» About this exercise
Leave out the pictures and copy every record exactly.

» Given data

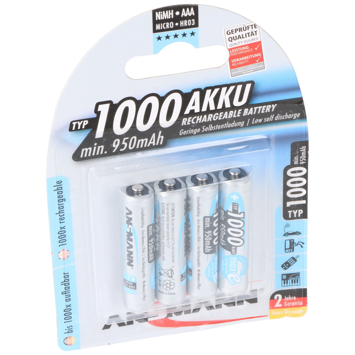 Ansmann NiMH-Akku Typ 1000 AAA Micro 950mAh 4er-Blister
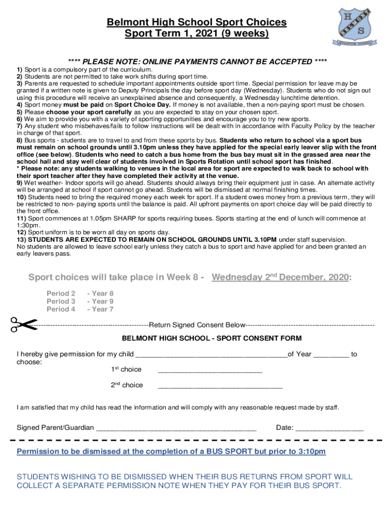 Belmont High School Sport Choices Sport Term 1, 2021 (9 weeks) **** PLEASE NOTE: ONLINE PAYMENTS CANNOT BE ACCEPTED **** 1) Sport is a compulsory part of the curriculum. 2) Students are not permitted
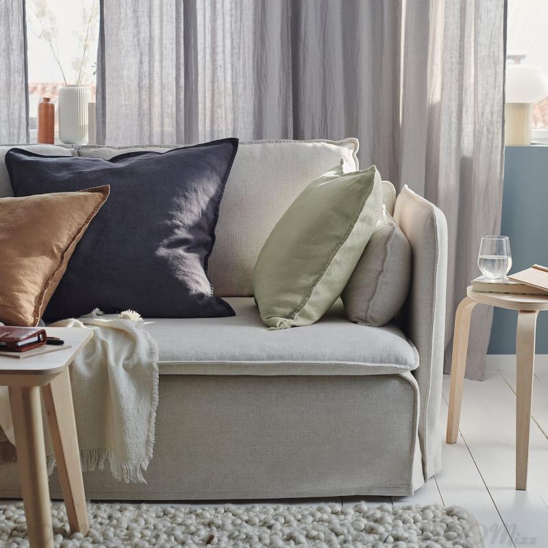 洗いをかけたグレーグリーンの麻(リネン)の布地は柔らかな質感で、カジュアルな飾らない見た目は洗うたびにさらによくなります。 DYTÅG/ディトーグ ひざ掛けやカーテン、ベッドリネンとコーディネートが楽しめます
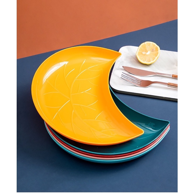 Set 5 dĩa nhựa hình bán nguyệt đựng trái cây hoa quả bánh kẹo trang trí bàn ăn - Bộ 5 dĩa nhiều màu decor siêu xinh
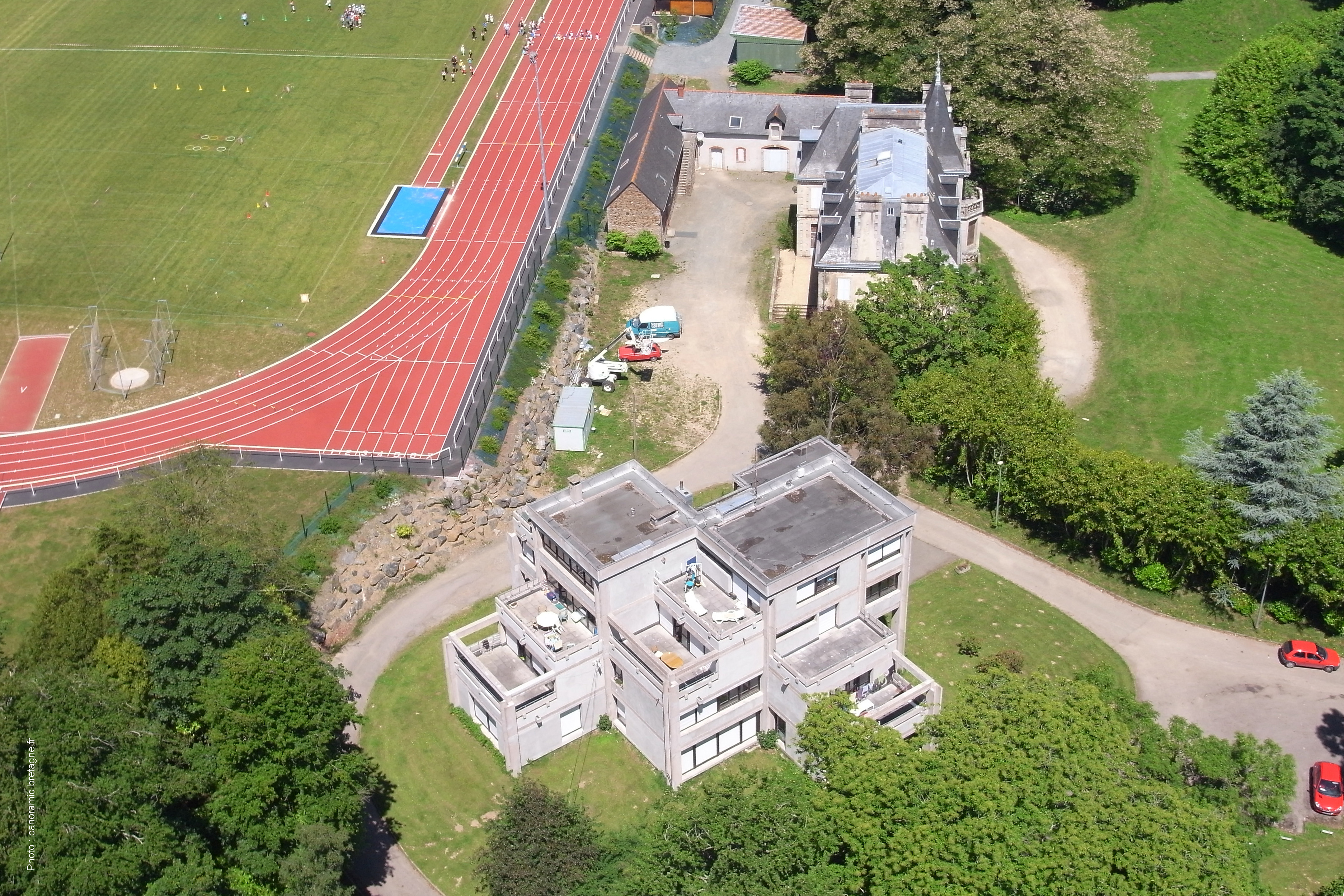 Vue aérienne des logements de fonction, du "château" (maison de notable) de Kerraoul et des communs.Immatriculation
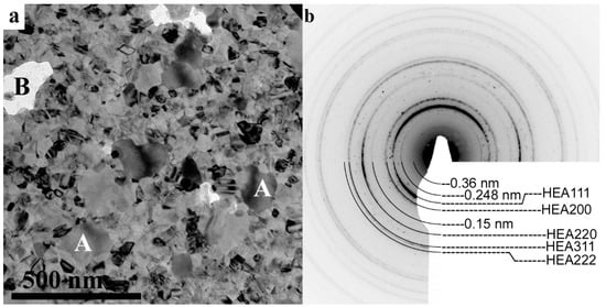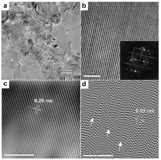 A general HRTEM view of the structure is shown in Figure 6a. In this figure the remaining mainly FCC HEA metallic phase was seen having a grain size of 20–50 nm, and larger grains (marked A in Figure 3a and Figure 6a) of the Cr-rich phase were present.
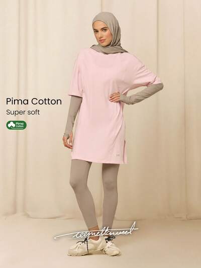 Vestido camiseta de algodón pima X Reem Modest, de corte midi, suave, transpirable y ligero, con abertura lateral, para uso diario y casual
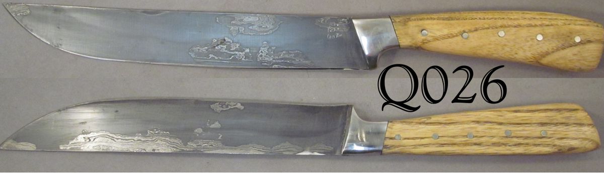 | Micronesia series =san-mai construction - 1095/nickel over an O1 core. Very thin blade & storage box is spalled pecan (See Q025) - family gift |
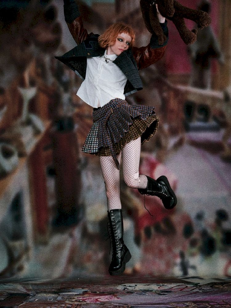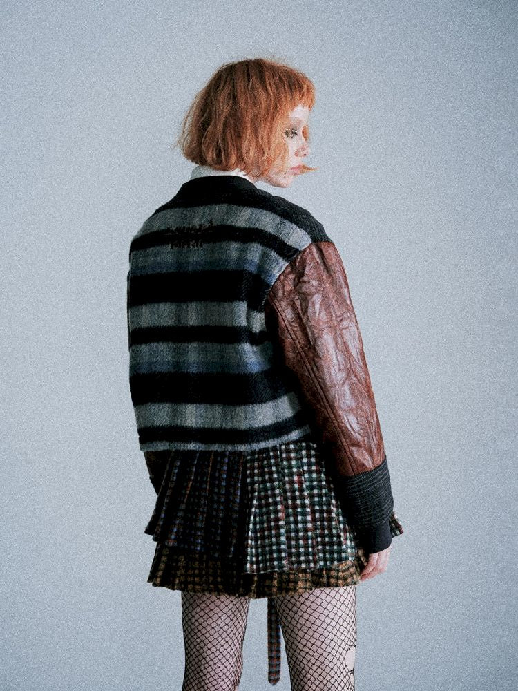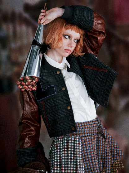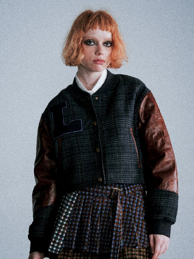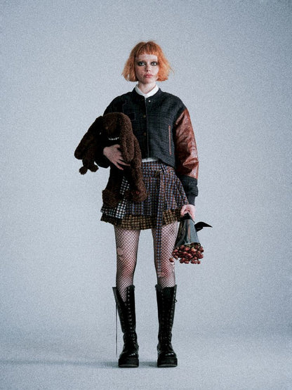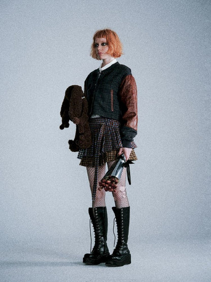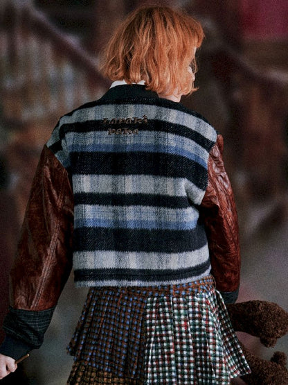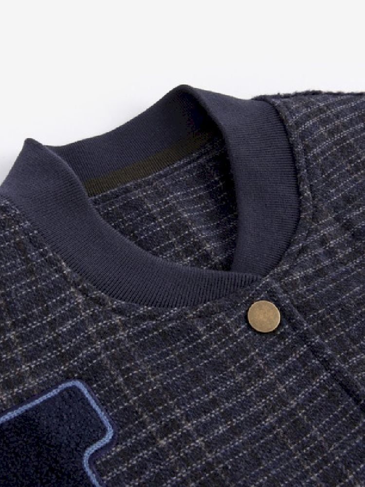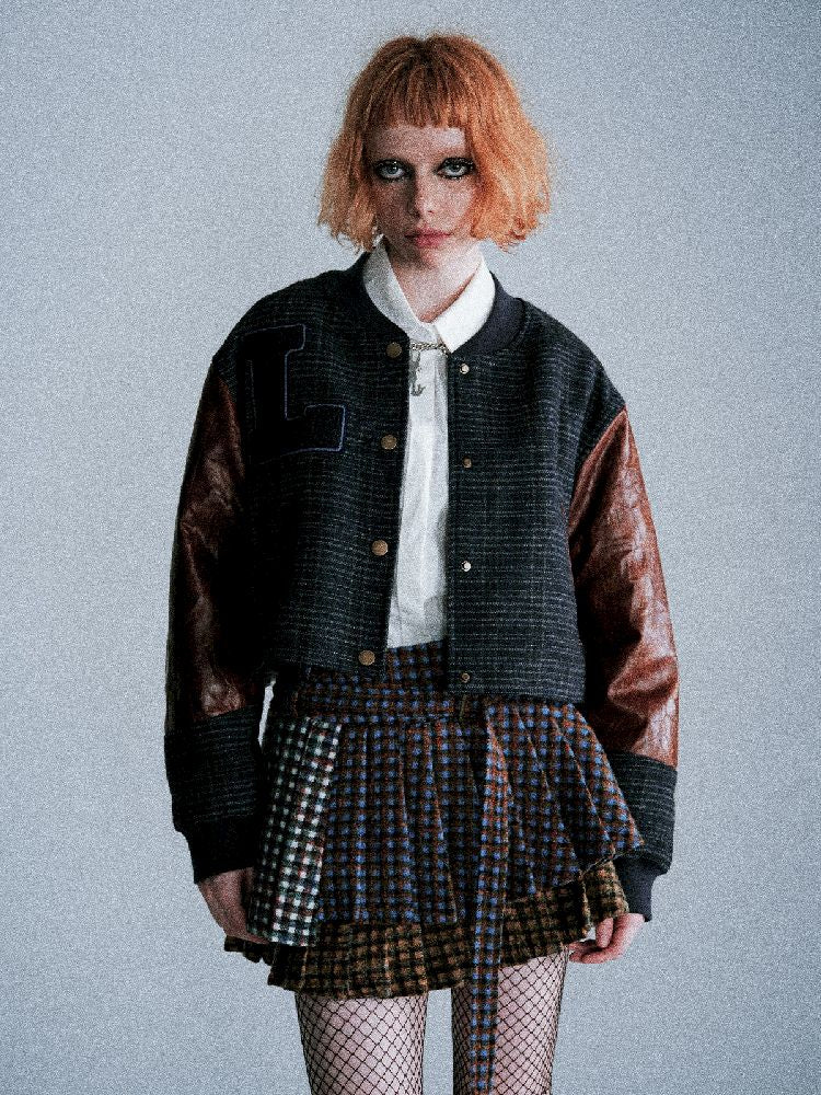 Checkered Patchwork Baseball Jacket【s0000005407】

» Exercise solution
 Ansmann NiMH-Akku Typ 1000 AAA Micro 950mAh 4er-Blister
 Belmont High School Sport Choices Sport Term 1, 2021 (9 weeks) **** PLEASE NOTE: ONLINE PAYMENTS CANNOT BE ACCEPTED **** 1) Sport is a compulsory part of the curriculum. 2) Students are not permitted
 洗いをかけたグレーグリーンの麻(リネン)の布地は柔らかな質感で、カジュアルな飾らない見た目は洗うたびにさらによくなります。 DYTÅG/ディトーグ ひざ掛けやカーテン、ベッドリネンとコーディネートが楽しめます
 Set 5 dĩa nhựa hình bán nguyệt đựng trái cây hoa quả bánh kẹo trang trí bàn ăn - Bộ 5 dĩa nhiều màu decor siêu xinh
 Vue aérienne des logements de fonction, du "château" (maison de notable) de Kerraoul et des communs.Immatriculation
 A general HRTEM view of the structure is shown in Figure 6a. In this figure the remaining mainly FCC HEA metallic phase was seen having a grain size of 20–50 nm, and larger grains (marked A in Figure 3a and Figure 6a) of the Cr-rich phase were present.
 Vestido camiseta de algodón pima X Reem Modest, de corte midi, suave, transpirable y ligero, con abertura lateral, para uso diario y casual
 | Micronesia series =san-mai construction - 1095/nickel over an O1 core. Very thin blade & storage box is spalled pecan (See Q025) - family gift |
 Checkered Patchwork Baseball Jacket【s0000005407】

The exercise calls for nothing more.